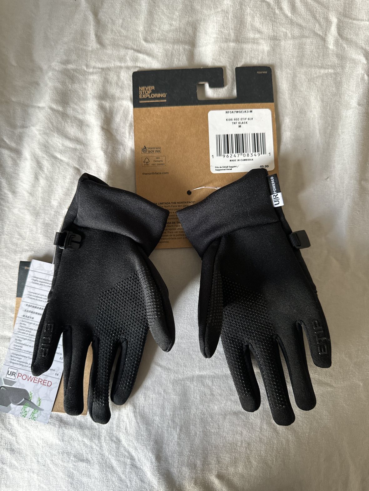 The North Face (TNF) - Kids’ Recycled ETip Glove - Black - Size Medium (Brand New with Tags attached) ETip functionality works with touchscreen devices (U|R Powered) ETip function on index finger Warmth Level - Warm Smoke-free, Pest-free, and Pet free home. Cash and asap pickup only, please. Stockyards (Keele/St. Clair) Area, Yorkdale Area
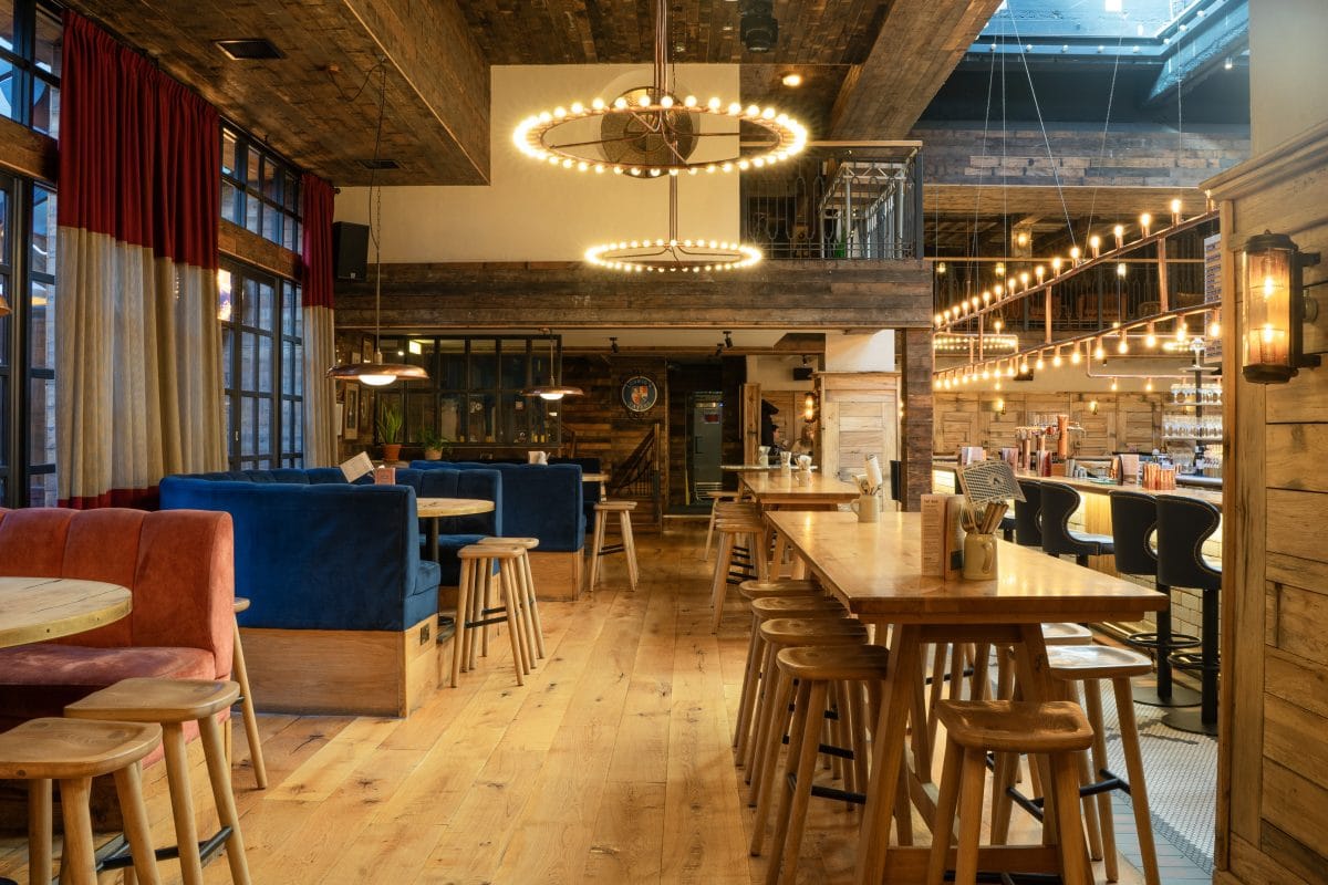 - High-top tables can be included to increase capacity up to 80 guests, giving you the entire back section of our Schloss.
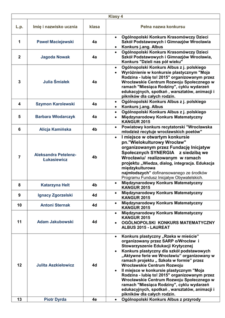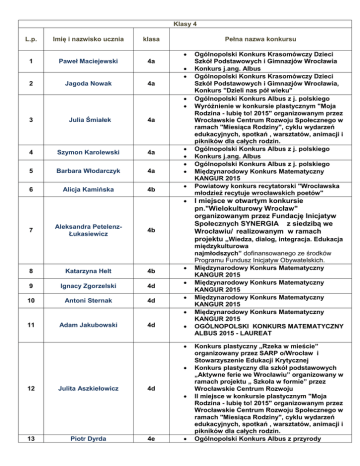 Klasy 4 L.p. Imię i nazwisko ucznia klasa 1 Paweł Maciejewski 4a Pełna nazwa konkursu 2 Jagoda Nowak 4a 3 Julia Śmiałek 4a 4 Szymon Karolewski 4a 5 Barbara Włodarczyk 4a 6 Alicja Kamińska 4b 7 Aleksandra PetelenzŁukasiewicz 4b 8 Katarzyna Helt 4b 9 Ignacy Zgorzelski 4d 10 Antoni Sternak 4d 11 Adam Jakubowski 4d 12 Julita Aszkiełowicz 4d 13 Piotr Dyrda 4e Ogólnopolski Konkurs Krasomówczy Dzieci Szkół Podstawowych i Gimnazjów Wrocławia Konkurs j.ang. Albus Ogólnopolski Konkurs Krasomówczy Dzieci Szkół Podstawowych i Gimnazjów Wrocławia, Konkurs "Dzieli nas pół wieku" Ogólnopolski Konkurs Albus z j. polskiego Wyróżnienie w konkursie plastycznym "Moja Rodzina - lubię to! 2015" organizowanym przez Wrocławskie Centrum Rozwoju Społecznego w ramach "Miesiąca Rodziny", cyklu wydarzeń edukacyjnych, spotkań , warsztatów, animacji i pikników dla całych rodzin. Ogólnopolski Konkurs Albus z j. polskiego Konkurs j.ang. Albus Ogólnopolski Konkurs Albus z j. polskiego Międzynarodowy Konkurs Matematyczny KANGUR 2015 Powiatowy konkurs recytatorski "Wrocławska młodzież recytuje wrocławskich poetów" I miejsce w otwartym konkursie pn."Wielokulturowy Wrocław" organizowanym przez Fundację Inicjatyw Społecznych SYNERGIA z siedzibą we Wrocławiu/ realizowanym w ramach projektu „Wiedza, dialog, integracja. Edukacja międzykulturowa najmłodszych” dofinansowanego ze środków Programu Fundusz Inicjatyw Obywatelskich. Międzynarodowy Konkurs Matematyczny KANGUR 2015 Międzynarodowy Konkurs Matematyczny KANGUR 2015 Międzynarodowy Konkurs Matematyczny KANGUR 2015 Międzynarodowy Konkurs Matematyczny KANGUR 2015 OGÓLNOPOLSKI KONKURS MATEMATYCZNY ALBUS 2015 - LAUREAT Konkurs plastyczny „Rzeka w mieście” organizowany przez SARP o/Wrocław i Stowarzyszenie Edukacji Krytycznej Konkurs plastyczny dla szkół podstawowych „Aktywne ferie we Wrocławiu” organizowany w ramach projektu „ Szkoła w formie” przez Wrocławskie Centrum Rozwoju II miejsce w konkursie plastycznym "Moja Rodzina - lubię to! 2015" organizowanym przez Wrocławskie Centrum Rozwoju Społecznego w ramach "Miesiąca Rodziny", cyklu wydarzeń edukacyjnych, spotkań , warsztatów, animacji i pikników dla całych rodzin. Ogólnopolski Konkurs Albus z przyrody 14 Angelika Zys 4e 15 Paweł Andrzejewski 4e 16 Maciej Kozłowski 4e 17 Jakub Eckardt 4e 18 Anna Połeć 4e X SzkolnyKonkurs Pokaz Mody Ekologicznej Ogólnopolski Konkurs Albus z j. polskiego, Ogólnopolski Konkurs Galileo z j. polskiego Międzynarodowy Konkurs Matematyczny KANGUR 2015 Ogólnopolski Konkurs Albus z przyrody OGÓLNOPOLSKI KONKURS MATEMATYCZNY ALBUS 2015 Konkurs j.ang. Albus GALILEO konkurs z j. angielskiego O16GÓLNOPOLSKI KONKURS MATEMATYCZNY ALBUS 2015 Konkurs j.ang. Albus GALILEO konkurs z j. angielskiego Międzynarodowy Konkurs Matematyczny KANGUR 2015 VII Międzyszkolny Konkurs MatematycznoLiteracki – III m-ce
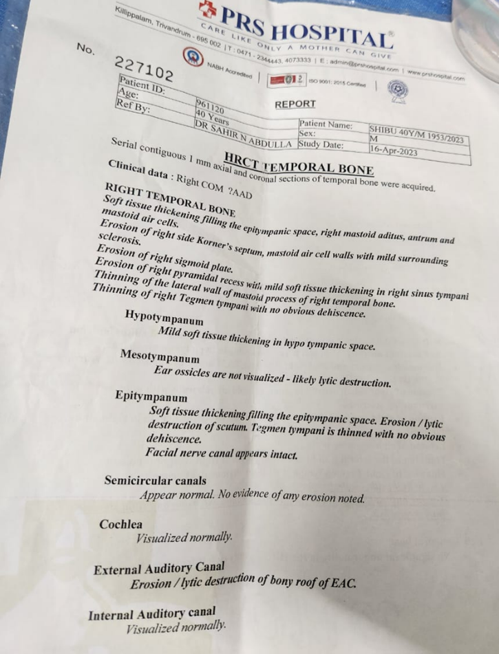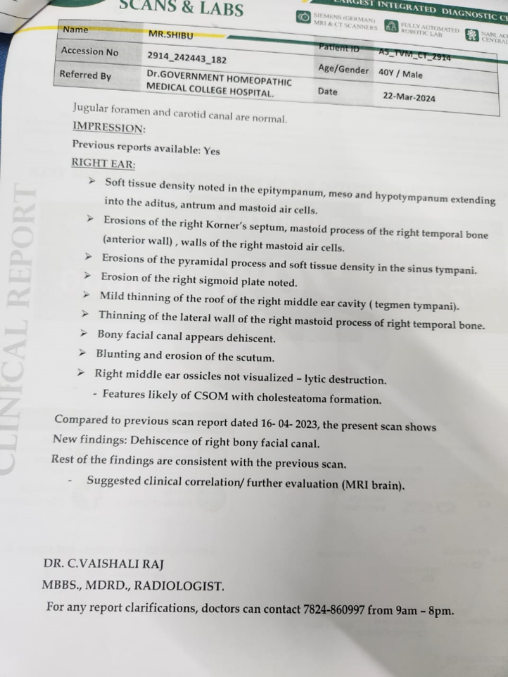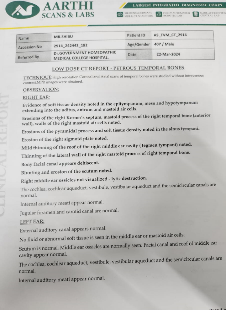 A 40-year-old male presented to the OPD of Government Homoeopathic Medical College , Thiruvananthapuram on 07-10-2023 with a one-year history of persistent right-sided otorrhoea. The discharge was purulent, foul-smelling, and occurred 5–6 times daily, with a progressive increase over the last four months. The profuse discharge caused marked discomfort, often wetting the pillow and preventing him from lying on the right side. The patient was apparently healthy prior to the onset of symptoms. Initially, he experienced offensive discharge 3–4 times per day and received allopathic treatment without relief. A high-resolution CT scan of the temporal bone confirmed the diagnosis of right-sided cholesteatoma, for which surgical intervention was advised. Seeking alternative management, he underwent Ayurvedic treatment but experienced no improvement, following which he visited the homoeopathic OPD for further evaluation. He has a history of recurrent allergic rhinitis, and the family history revealed tuberculosis in his father.
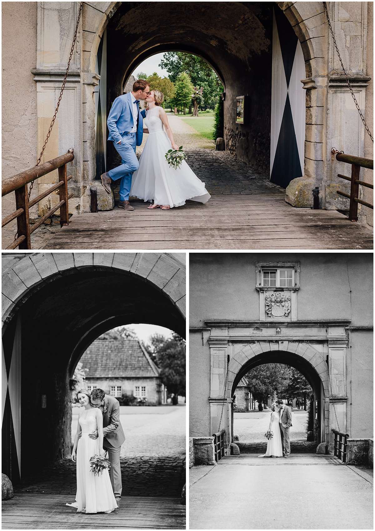 Vor der freien Trauung haben wir ein Brautpaarshooting auf Schloss Westerwinkel in Ascheberg gemacht. Während wir dort die Paarfotos gemacht haben, war es tatsächlich überwiegend sonnig, so dass wir uns aufgrund der hoch am Himmel stehenden Sonne eher möglichst schattige Plätzchen für die Bilder ausgesucht haben, im Schatten der Schlossmauern oder unter Bäumen. Sind die Outfits von Vici und Simon nicht toll? Ich mochte den Look der beiden sehr – das ärmellose Brautkleid mit Spitzenoberteil und langem, fließendem Rock stand Vici ganz wunderbar, und Simon sah in seinem hellblauen Anzug ebenfalls fantastisch aus.
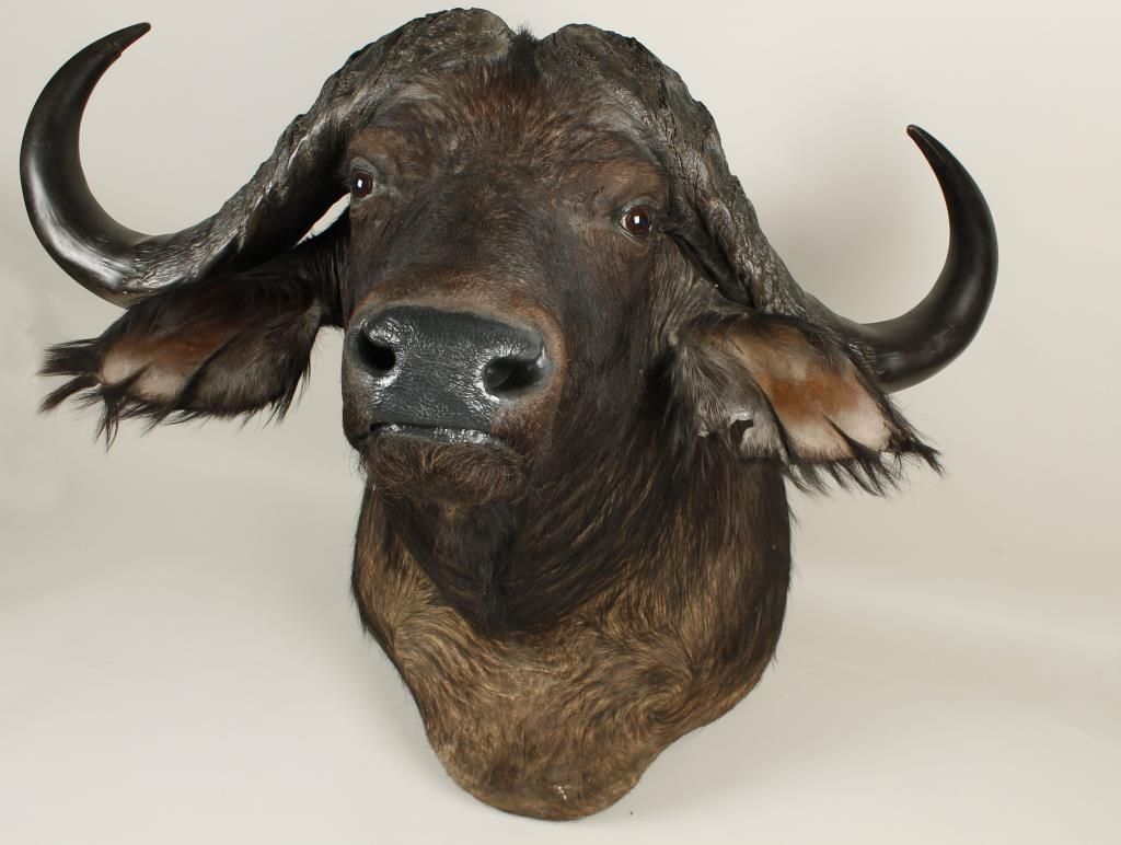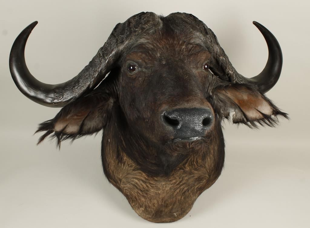 Taken in Lower Lupandi, Zambabwe in 1994. Approx measurements are as follows: Overall height including horns: 34"; Widest point at ears: 28"; Back to Nose tip: 44"; Crown to Left horn tip: 18"; Crown to Right horn tip: 18"; Horn tip width: 33". "Tony DaCosta Collection" of noted hunter and owner of Safari Headquarters Ltd. from Carson City, NV.
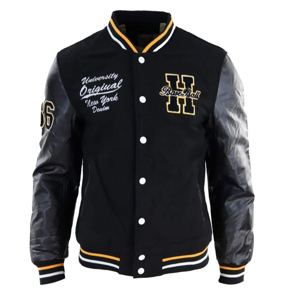 แจ็คเก็ตวาร์ซิตี้ขนสัตว์สำหรับผู้ชาย ตัวเสื้อทำจากขนสัตว์คุณภาพสูง แขนทำจากหนัง PU ปิดด้วยกระดุมแป๊ก แจ็คเก็ตเลตเตอร์แมนแบบกำหนดเองสำหรับวิทยาลัย
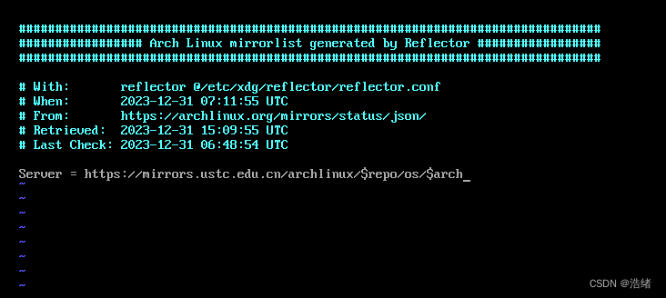 首先使用Vim编辑一下pacman的镜像。
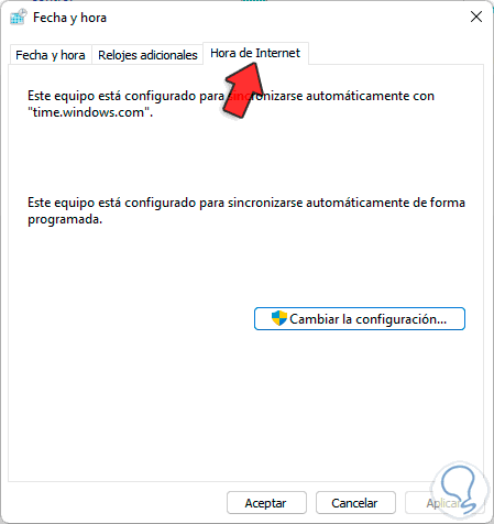 Vemos que el valor predeterminado es el tiempo de Windows, allí en el campo "Servidor" seleccionamos "time.nist.gov":
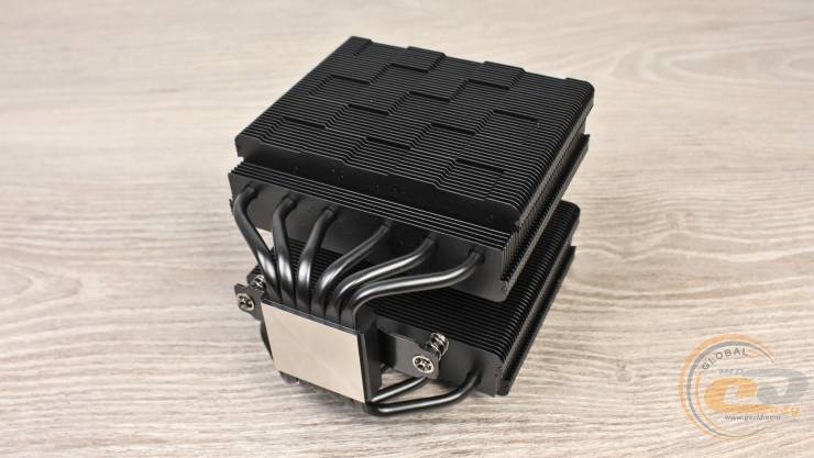 В основе конструкции лежат шесть 6-мм тепловых трубок, равномерно распределенных по ширине обеих радиаторных башен. Алюминиевые пластины толщиной 0,3 мм расположены с интервалом около 2 мм и имеют оригинальную форму, благодаря которой при взгляде сбоку образуется узор в виде шахматной доски.

** Work instructions **
With the pictures omitted, copy exactly the lines from the line that contains "首先使用Vim编辑一下pacman的镜像。" through the end of the material.

** Result of this exercise **
 首先使用Vim编辑一下pacman的镜像。
 Vemos que el valor predeterminado es el tiempo de Windows, allí en el campo "Servidor" seleccionamos "time.nist.gov":
 В основе конструкции лежат шесть 6-мм тепловых трубок, равномерно распределенных по ширине обеих радиаторных башен. Алюминиевые пластины толщиной 0,3 мм расположены с интервалом около 2 мм и имеют оригинальную форму, благодаря которой при взгляде сбоку образуется узор в виде шахматной доски.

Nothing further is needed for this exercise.